AI can take you from an idea to a working app in an afternoon. It cannot take you from a working app to a running business. Tools like Lovable and the platforms that have followed have collapsed weeks of prototyping into hours, and for business leaders that is genuinely exciting. But there is a widening gap between what AI can create quickly and what an organisation can actually operate in production — and that gap is where a lot of businesses are getting caught out.
The Illusion of "Done"
AI tools are exceptional at generating working applications. Interfaces render, buttons click, data flows. The demo looks finished. But a working prototype is not the same as a production-ready system, and the difference is mostly made up of the things you cannot see in a demo: a proper environment strategy across development, test and production; deployment pipelines; monitoring and logging; and robust error handling. In short, the app works — but it is not yet operable. "It runs on my screen" and "it runs the business" are separated by exactly the work that does not show up in a prototype.
The Architecture Problem
AI tools optimise for speed, not for long-term design, and it shows in the patterns they reach for by default. We regularly see apps built on choices that are fine for a demo but wrong for the long run — for example, defaulting to plain React for everything when something like Next.js would deliver better performance, routing and SEO out of the box. These decisions are invisible in a prototype and expensive in production, because by the time they start to hurt, real users and real data are already depending on them.
The Hidden Cost Curve
AI development looks cheap at the start, and that is part of the trap. As usage grows, token consumption climbs, inefficient calls multiply, and operating costs become difficult to predict. What began as a low-cost experiment can quietly turn into an expensive system to run — one whose monthly bill nobody signed off on, because the original prototype never had a cost model behind it.
Security and Compliance Gaps
Particularly in regulated industries, AI-generated apps tend to arrive missing the things regulators care about most: identity and access control models, audit trails, and data governance. These are not optional extras to be bolted on later. They are fundamental requirements, and retrofitting them into a system that was not designed for them is far harder than building them in from the start.
The AI Reality Curve
The pattern across all of this is consistent. AI is at its strongest at the very beginning of the journey and gets progressively weaker as you move toward something real. Generating an idea or a prototype? Excellent. Standing up an MVP? Good. Getting to production? Weak. Operating at scale? Poor. The further you travel toward production and scale — as the graphic above illustrates — the more genuine engineering expertise the work demands.
This is also how to make sense of the headline number. AI can get you roughly 60% of the way there faster than ever before, precisely because that first 60% is the front-loaded, generative part of the work it excels at. The remaining 40% — the part that makes something reliable, scalable and safe — sits on the weak end of the curve, and that is where the effort, the cost and the expertise concentrate.

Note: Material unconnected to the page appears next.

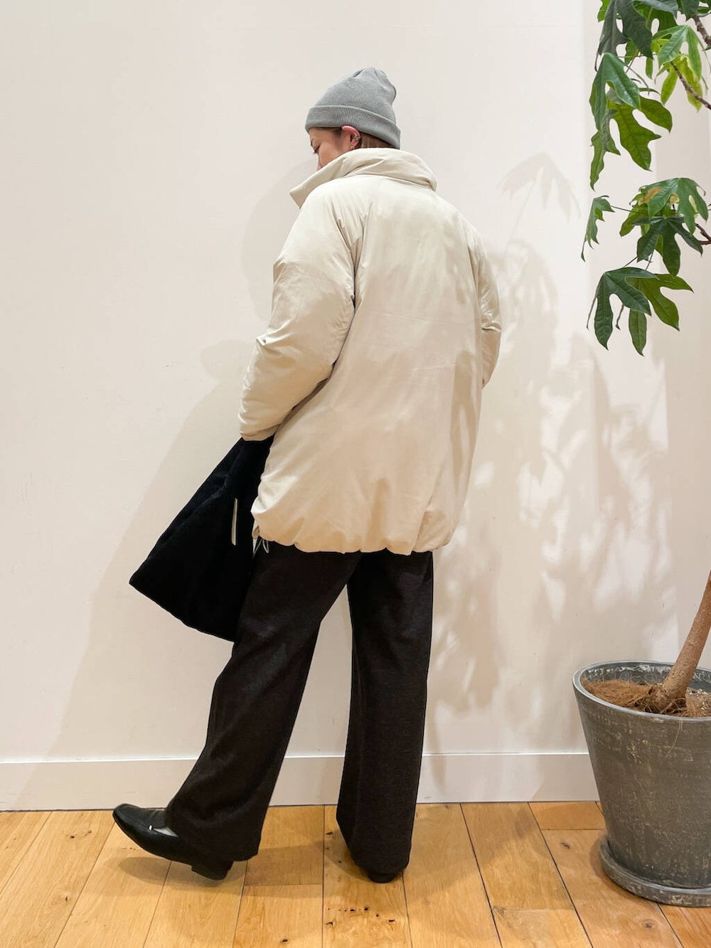ボリュームのある中綿ブルゾン。

Where AI Delivers Real Value
None of this is an argument against AI. Used well, these tools are genuinely powerful: for rapid prototyping with stakeholders, for validating ideas quickly before you commit budget, and for accelerating experienced developers who know what good looks like. The key word is experienced. AI does not replace engineering discipline — it amplifies it. In capable hands it is a force multiplier; in the wrong hands it multiplies the mistakes just as fast.
Where Consulting Fits Now
The role of consulting and development has shifted significantly as AI app development has taken off. It is no longer about simply building software — AI has commoditised the first draft. The value now lies in taking something that works in a demo and turning it into something that works in the real world. In practice that means validating the architecture, selecting the right platforms, designing deliberately for cost, security and scale, and preparing systems for long-term support.
Concretely, a production-ready handover is where we close the gaps the prototype left open. That is the checklist we apply:
- A clear environment strategy across development, test and production, with deployment pipelines that make releases repeatable and safe.
- Monitoring, logging and alerting, so you find problems before your users do.
- Robust error handling and a tested approach to failure, backups and recovery.
- Identity and access control, audit trails and data governance — built in, not bolted on.
- An architecture and cost model designed for how the system will actually be used as it grows.
Final Thought
AI can get you to 60% faster than ever before. But the final 40% — the part that makes something reliable, scalable and safe — is where the real work begins. That final 40% is exactly what we do.